Este cuento surgió a partir de la venta de la casa
de mis abuelos y las relaciones intrafamiliares. No me costó escribir la
historia, pero sí tardé en corregir su forma. Para que sienta que un cuento está
terminado, debo encontrar el equilibrio justo entre la historia y la forma del
decir. Cuando sucede, también sucede un instante de felicidad y siento que lo
que hago, tiene sentido.
ENRIQUE
SOLINAS (Buenos
Aires, 1969). Desde 1989 colabora con publicaciones de Argentina y del
exterior, es docente y forma parte de grupos de investigación (CONICET y
SIPLET) en Literatura argentina, Literatura latinoamericana y en Literatura y Mística. Publicó en poesía:
Signos Oscuros (1995), El Gruñido (1997), El Lugar del
Principio (1998), Jardín en Movimiento (2003), Noche de San Juan (2008),
El gruñido y otros poemas (Antología poética, 2011), Corazón Sagrado (2014).
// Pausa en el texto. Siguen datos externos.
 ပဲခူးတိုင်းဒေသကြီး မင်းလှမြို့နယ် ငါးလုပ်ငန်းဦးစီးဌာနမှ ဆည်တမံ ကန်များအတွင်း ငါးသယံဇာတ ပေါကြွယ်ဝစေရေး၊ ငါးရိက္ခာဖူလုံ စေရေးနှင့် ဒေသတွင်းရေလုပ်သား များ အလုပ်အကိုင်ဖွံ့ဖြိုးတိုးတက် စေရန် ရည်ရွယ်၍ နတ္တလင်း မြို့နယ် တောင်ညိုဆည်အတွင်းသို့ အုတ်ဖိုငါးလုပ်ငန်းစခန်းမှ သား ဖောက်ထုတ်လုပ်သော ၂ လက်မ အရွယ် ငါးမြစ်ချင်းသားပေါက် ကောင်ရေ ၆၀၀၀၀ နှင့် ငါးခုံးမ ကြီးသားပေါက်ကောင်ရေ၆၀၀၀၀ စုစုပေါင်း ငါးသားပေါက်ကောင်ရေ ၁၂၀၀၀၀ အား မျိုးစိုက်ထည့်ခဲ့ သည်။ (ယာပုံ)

Invocaciones –cuatro poetas en la voz del mito- (2012). En narrativa: La
muerte y su conversación (cuentos, 2007). Ha traducido y versionado a
numerosos autores, entre ellos a Safo de Lesbos, Horacio, Sharon Olds, Lucielle
Clifton, Thomas Merton, Patrick Kavanagh, Edward Thomas, Roy Campbell, Anne
Sexton, Sylvia Plath, Jane Kenyon, Crystal Williams, Henri Cole, , Li
Young-Lee, Alda Merini, Zhao Lihong, Gu Cheng, etc.
Por
su labor literaria obtuvo varios premios, entre ellos, 1er. Premio Nacional
Iniciación Bienio 1992/1993, de la Secretaría de Cultura de la Nación, el 1er.
Premio Dirección General de Bibliotecas Municipales de Buenos Aires 1993, Mención
en los Premios Municipales de la Ciudad de Buenos Aires a la Producción
1994/1995, Subsidio Nacional de Creación de la Fundación Antorchas,
Concurso 1997 de Becas y Subsidios para las Artes, el 1er. Premio
Estímulo a la Creación año 2000 de la Secretaría de Cultura de la Nación,
el 1er. Premio de Cuento Fantástico 2004 de la Fundación Ciudad de Arena y
la Secretaría de Cultura de la Municipalidad de la Ciudad de Buenos Aires,
etc. Obtuvo la Beca de Residencia Shanghái Writing Program en 2014.
Su
obra y forma de parte de antologías nacionales e internacionales, siendo
traducido al inglés, al italiano, al griego, al portugués y al chino.
Actualmente, su actividad
incluye la narrativa, la traducción, el periodismo cultural, la crítica
literaria y de artes plásticas, y la investigación.